Фомич собрал посуду в рюкзак и пнул ногой бутылку.
– Эту штукенцию сам неси. К золотью боле не коснусь. Пойдём, покажу шурф нашенский. Завалился он, можно было и внутрь слазить. Рассечки по струе на тридцать сажен в обе стороны идут.
Устье шурфа обложено диким плитняком. Подъёмный ворот рассыпался трухой, выпала и обвалилась крепь.
– Вот там стояла проходнушка, здеся пустой отвал был, гляди, какую гору наворотили, а сюда высыпали из бадьи пески. А вот и те камушки, которые мы таскали к забою, голыши из ручья. До сих пор чёрные, никакие дожди не сумели за полвека гарь отмыть.
Вот сам стою и не верю. Неужто правда это было? Помню, очнулся у эвенков – костёр горит посреди чума, вокруг голые тени бегают, щебечут по-непонятному. Решил, что в ад попал, очереди дожидаюсь, счас на сковороде будут жарить за грехи. Вот страх испытал, боле такова и не было в жизни!
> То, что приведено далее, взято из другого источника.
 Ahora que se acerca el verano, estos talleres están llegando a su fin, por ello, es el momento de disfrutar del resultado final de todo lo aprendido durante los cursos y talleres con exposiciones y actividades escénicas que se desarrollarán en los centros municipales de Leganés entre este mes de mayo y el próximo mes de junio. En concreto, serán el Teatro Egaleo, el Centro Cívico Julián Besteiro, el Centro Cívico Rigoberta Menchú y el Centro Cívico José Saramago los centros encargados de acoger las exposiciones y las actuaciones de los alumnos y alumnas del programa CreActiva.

Да тут ишшо подходит один ко мне и на ноже кусок мяса суёт к губам. Ем и думаю. Ишь, сначала откармливают, чтоб пожирней был, не пригорал на сковородке. Сознал, что грешить случаем на земле оставлен только тогда, как увидал ихнюю молодую бабу; инородка, а красы писаной.
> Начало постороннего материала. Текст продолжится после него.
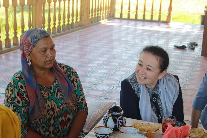 Elmira Bositxonova forum doirasida Jomboy tumanidagi «Gulnora agro yeri» fermer xo‘jaligi ishchi xodimlari bilan uchrashdi. Bu yerda 20 nafarga yaqin xotin-qizlar mehnat qiladi.

Почти за год первый раз бабу увидал. Одной ногой в могиле стою, а глаза таращу на неё, как будто милей и не приходилось встречать. В умишке-то мысли не мертвецкие всплыли. Эта девка меня и подняла.
Ноги и руки помороженные отходила медвежьим салом, самого им поила до икоты, первые дни спала рядом, грела своим теплом. Да ить таким макаром мертвого можно воскресить! Потом вывезли на оленьей упряжке.
По льду реки катили на нартах. Она меня сговаривала остаться, прикипела, видать. Ехали по льду реки, и такая радость мое нутро жгла! За то, что живой, такая радость, ничем не описать!
Всю дорогу клялся, что нога моя не ступит боле в тайгу, что уеду в родную деревню к мамане, что детям закажу пути в эти края…
А до весны победовал на прииске и опять попёрся ноги бить, пристал к другой артельке. Про бутылочку я, конешно, помнил, нос вверх драл, считал себя богачом. Держал про запас, мол, на старость сгодится. А пока руки-ноги есть, к чему бы не попытать счастья?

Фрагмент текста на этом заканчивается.